TASK ITEM >> Look below for the line with "Η απώλεια του" and the line with "UniMAP cipta sejarah, uji". Copy exactly those two lines and every line between, but not the pictures.

MATERIAL FOR THE TASK >>

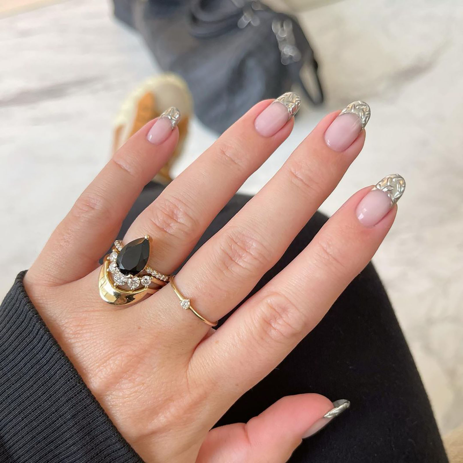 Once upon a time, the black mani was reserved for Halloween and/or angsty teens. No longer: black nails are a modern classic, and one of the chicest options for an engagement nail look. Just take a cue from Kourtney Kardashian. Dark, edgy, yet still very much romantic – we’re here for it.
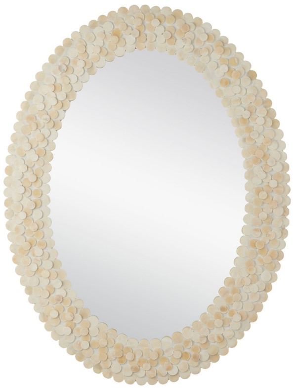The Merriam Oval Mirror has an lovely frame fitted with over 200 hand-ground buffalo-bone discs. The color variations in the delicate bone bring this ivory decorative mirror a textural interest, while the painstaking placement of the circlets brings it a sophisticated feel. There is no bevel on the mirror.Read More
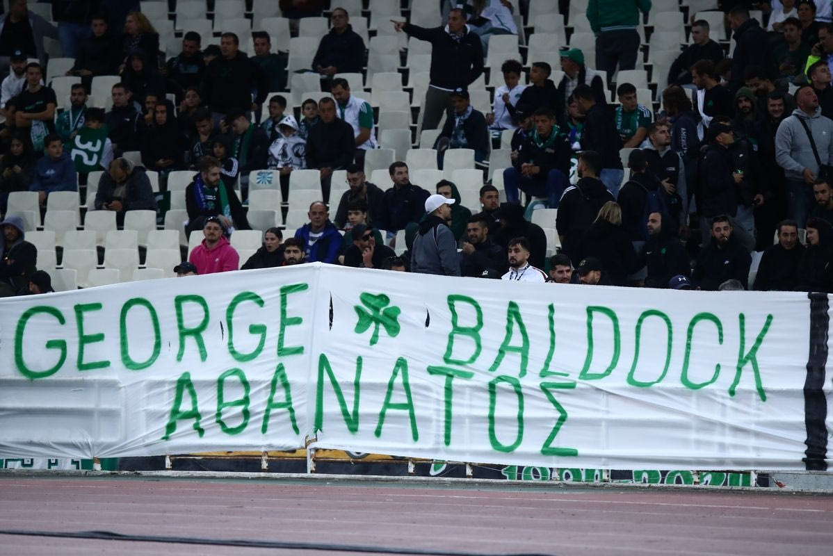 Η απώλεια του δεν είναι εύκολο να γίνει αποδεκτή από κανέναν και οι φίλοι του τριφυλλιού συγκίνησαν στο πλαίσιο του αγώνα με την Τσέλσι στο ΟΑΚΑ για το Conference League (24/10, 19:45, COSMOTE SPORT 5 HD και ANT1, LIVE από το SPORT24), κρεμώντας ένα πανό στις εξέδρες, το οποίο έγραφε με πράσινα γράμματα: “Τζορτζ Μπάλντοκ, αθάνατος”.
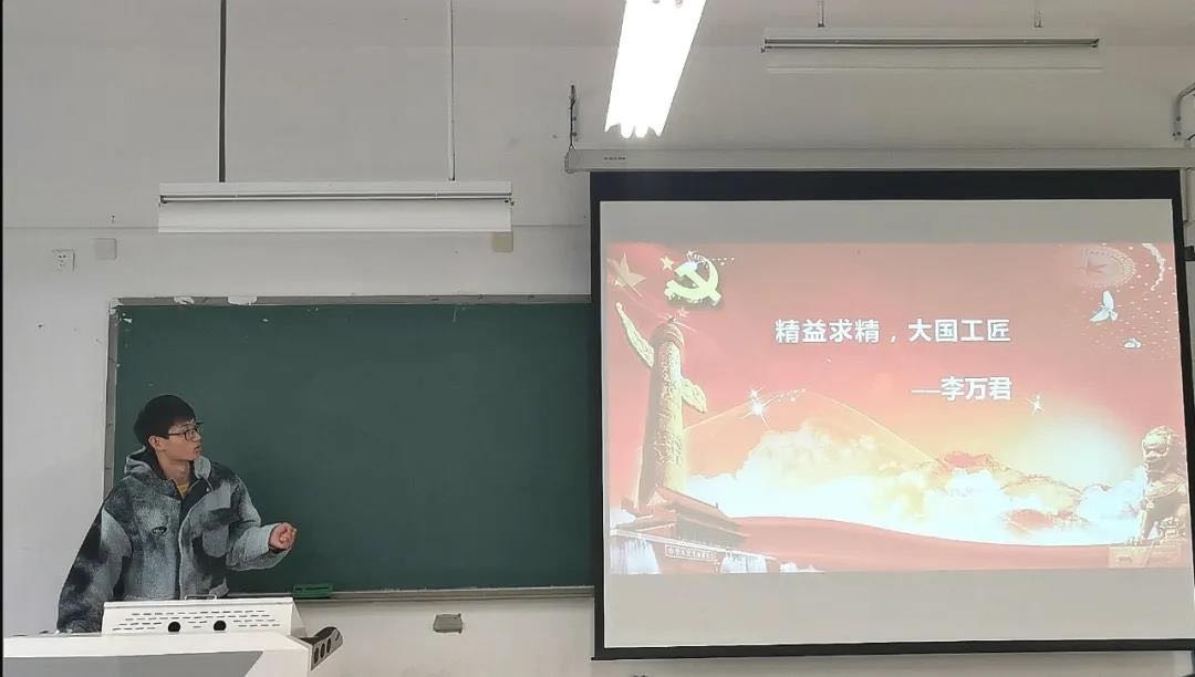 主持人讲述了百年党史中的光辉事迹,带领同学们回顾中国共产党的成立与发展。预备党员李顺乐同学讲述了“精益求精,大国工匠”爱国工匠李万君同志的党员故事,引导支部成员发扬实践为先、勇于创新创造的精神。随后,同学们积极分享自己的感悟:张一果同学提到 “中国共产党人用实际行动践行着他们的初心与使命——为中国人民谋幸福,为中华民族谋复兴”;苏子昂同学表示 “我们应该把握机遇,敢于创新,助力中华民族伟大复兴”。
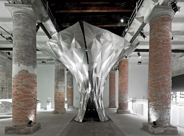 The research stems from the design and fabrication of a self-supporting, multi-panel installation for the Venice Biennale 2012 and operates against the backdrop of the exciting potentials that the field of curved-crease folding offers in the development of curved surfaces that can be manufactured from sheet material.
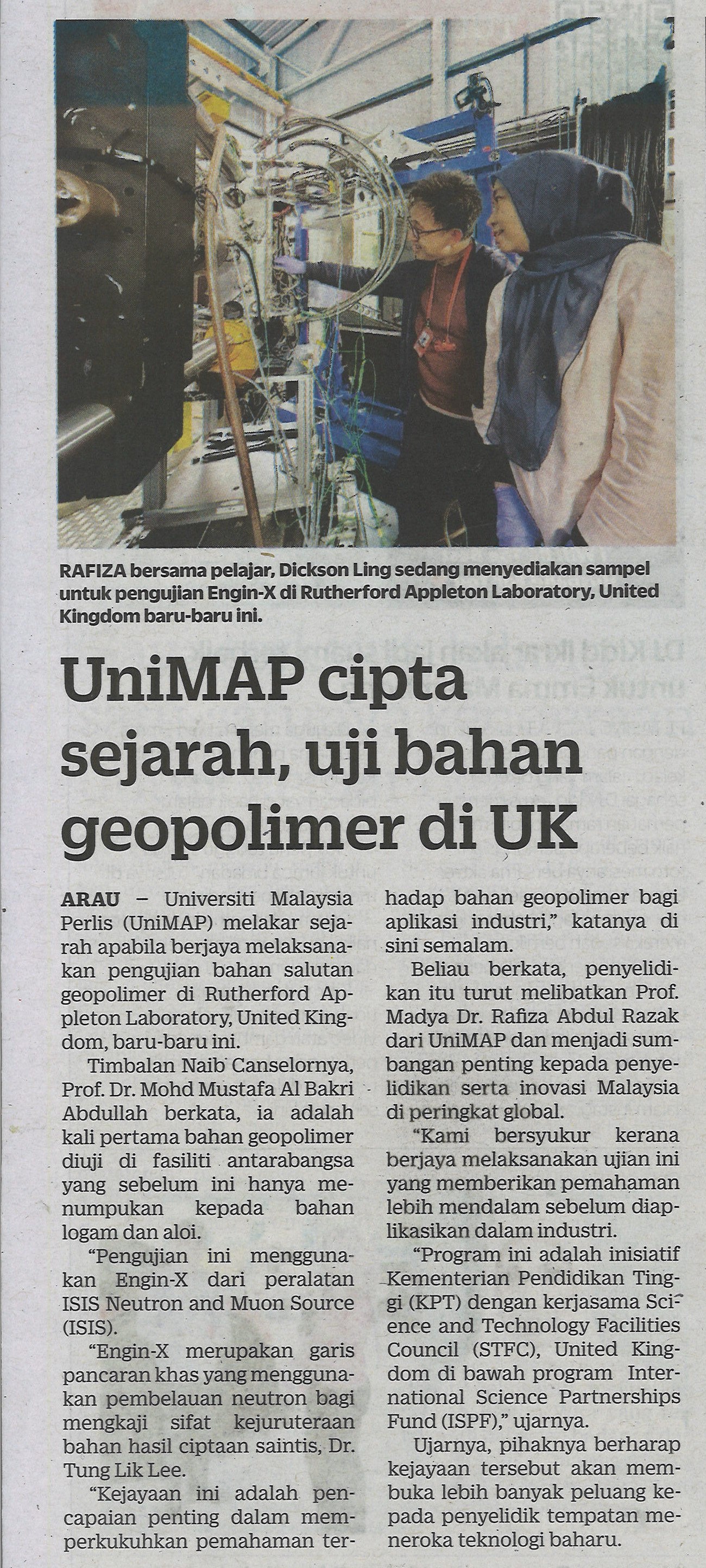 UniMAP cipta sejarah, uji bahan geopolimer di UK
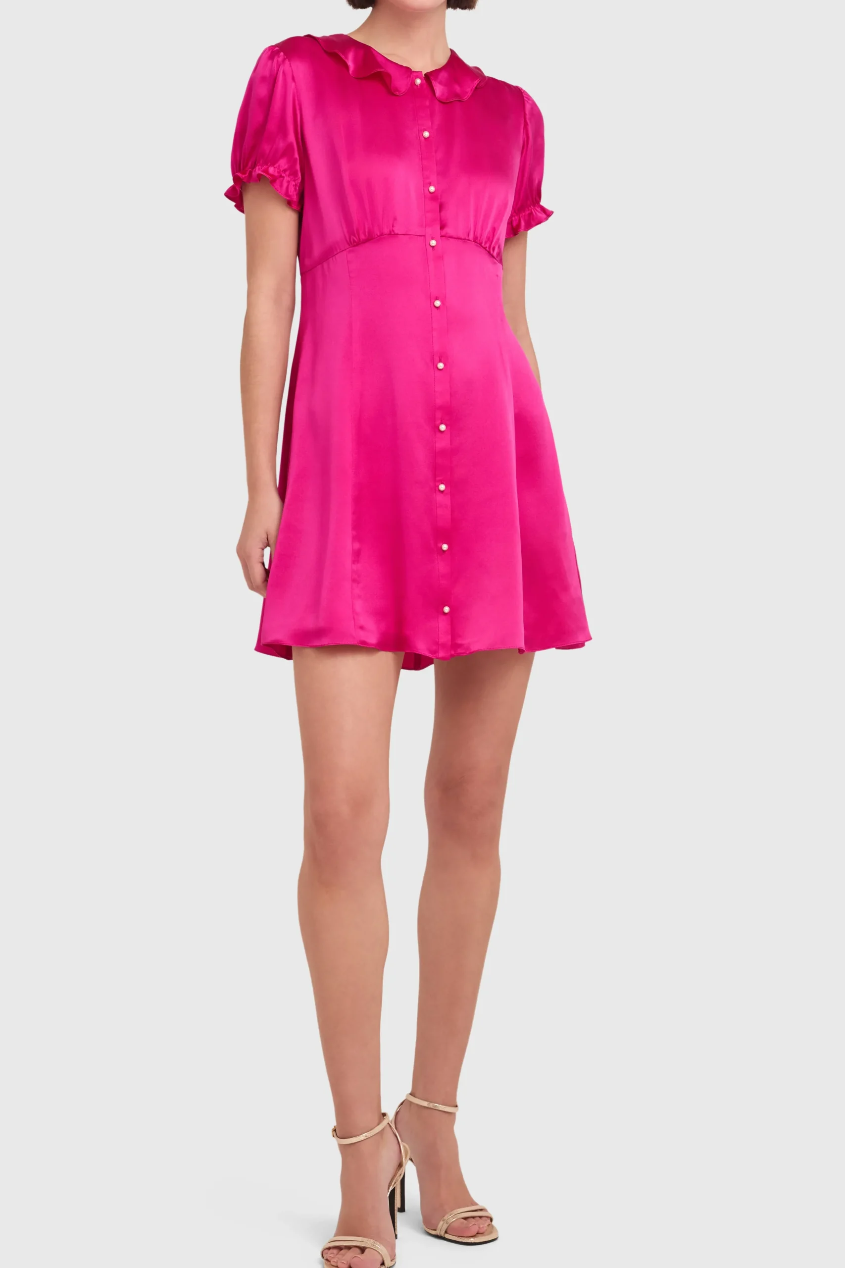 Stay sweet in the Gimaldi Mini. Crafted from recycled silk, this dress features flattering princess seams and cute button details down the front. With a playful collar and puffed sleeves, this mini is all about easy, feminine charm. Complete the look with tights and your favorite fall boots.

...

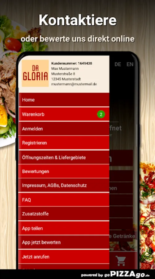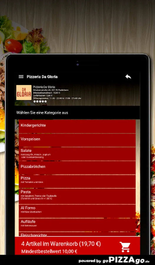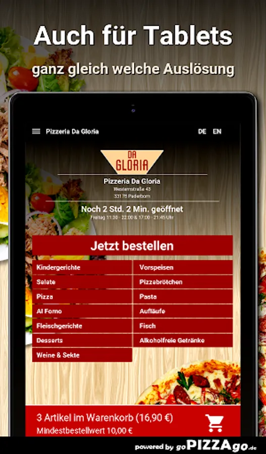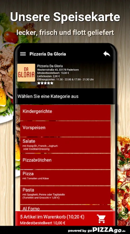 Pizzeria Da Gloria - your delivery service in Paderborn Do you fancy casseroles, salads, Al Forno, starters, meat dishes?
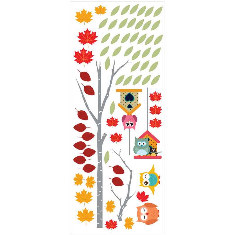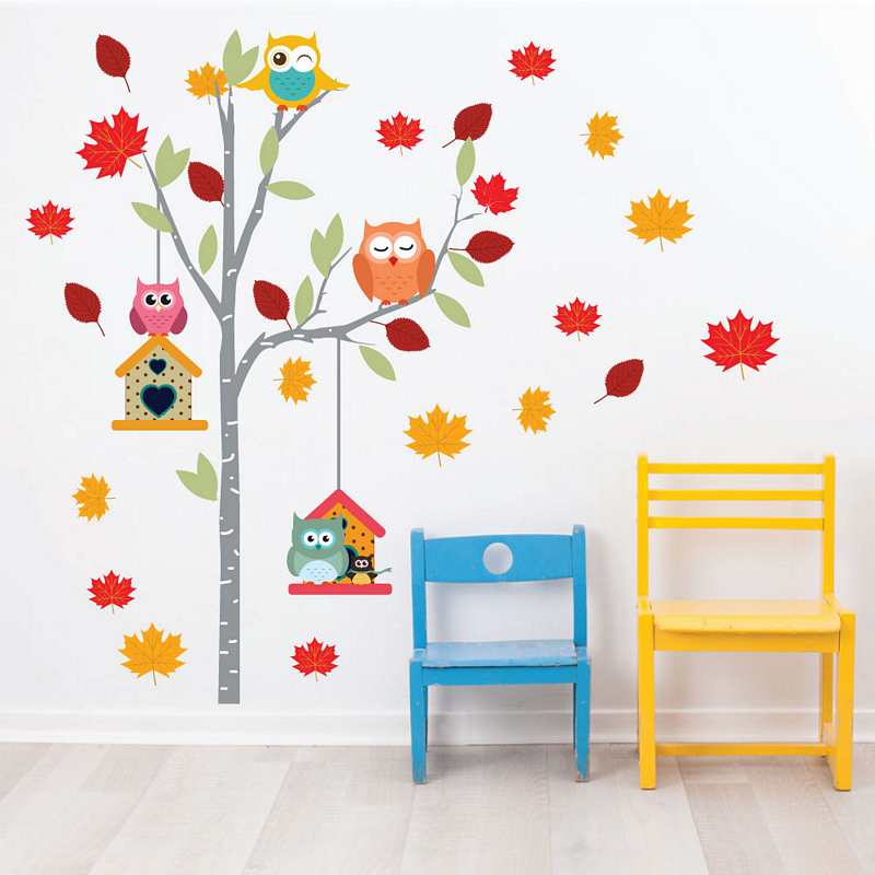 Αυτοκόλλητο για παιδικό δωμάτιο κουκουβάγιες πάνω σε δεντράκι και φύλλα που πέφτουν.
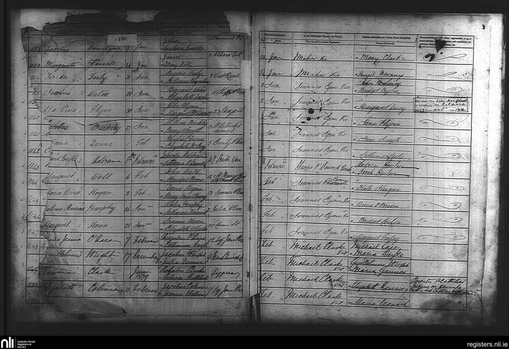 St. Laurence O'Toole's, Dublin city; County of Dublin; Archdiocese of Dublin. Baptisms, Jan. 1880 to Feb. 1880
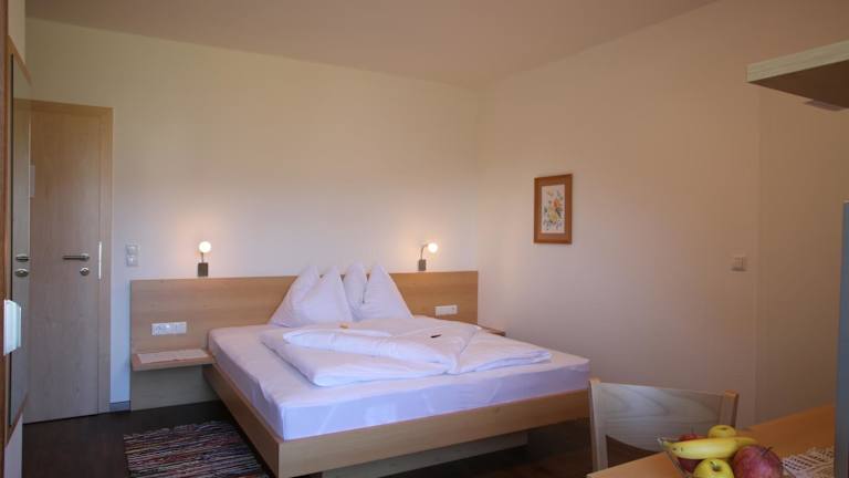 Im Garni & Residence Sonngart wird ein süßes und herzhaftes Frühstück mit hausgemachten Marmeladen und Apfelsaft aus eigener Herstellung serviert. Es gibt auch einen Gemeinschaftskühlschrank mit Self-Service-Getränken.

ANSWER TO THIS EXERCISE >>
 Η απώλεια του δεν είναι εύκολο να γίνει αποδεκτή από κανέναν και οι φίλοι του τριφυλλιού συγκίνησαν στο πλαίσιο του αγώνα με την Τσέλσι στο ΟΑΚΑ για το Conference League (24/10, 19:45, COSMOTE SPORT 5 HD και ANT1, LIVE από το SPORT24), κρεμώντας ένα πανό στις εξέδρες, το οποίο έγραφε με πράσινα γράμματα: “Τζορτζ Μπάλντοκ, αθάνατος”.
 主持人讲述了百年党史中的光辉事迹,带领同学们回顾中国共产党的成立与发展。预备党员李顺乐同学讲述了“精益求精,大国工匠”爱国工匠李万君同志的党员故事,引导支部成员发扬实践为先、勇于创新创造的精神。随后,同学们积极分享自己的感悟:张一果同学提到 “中国共产党人用实际行动践行着他们的初心与使命——为中国人民谋幸福,为中华民族谋复兴”;苏子昂同学表示 “我们应该把握机遇,敢于创新,助力中华民族伟大复兴”。
 The research stems from the design and fabrication of a self-supporting, multi-panel installation for the Venice Biennale 2012 and operates against the backdrop of the exciting potentials that the field of curved-crease folding offers in the development of curved surfaces that can be manufactured from sheet material.
 UniMAP cipta sejarah, uji bahan geopolimer di UK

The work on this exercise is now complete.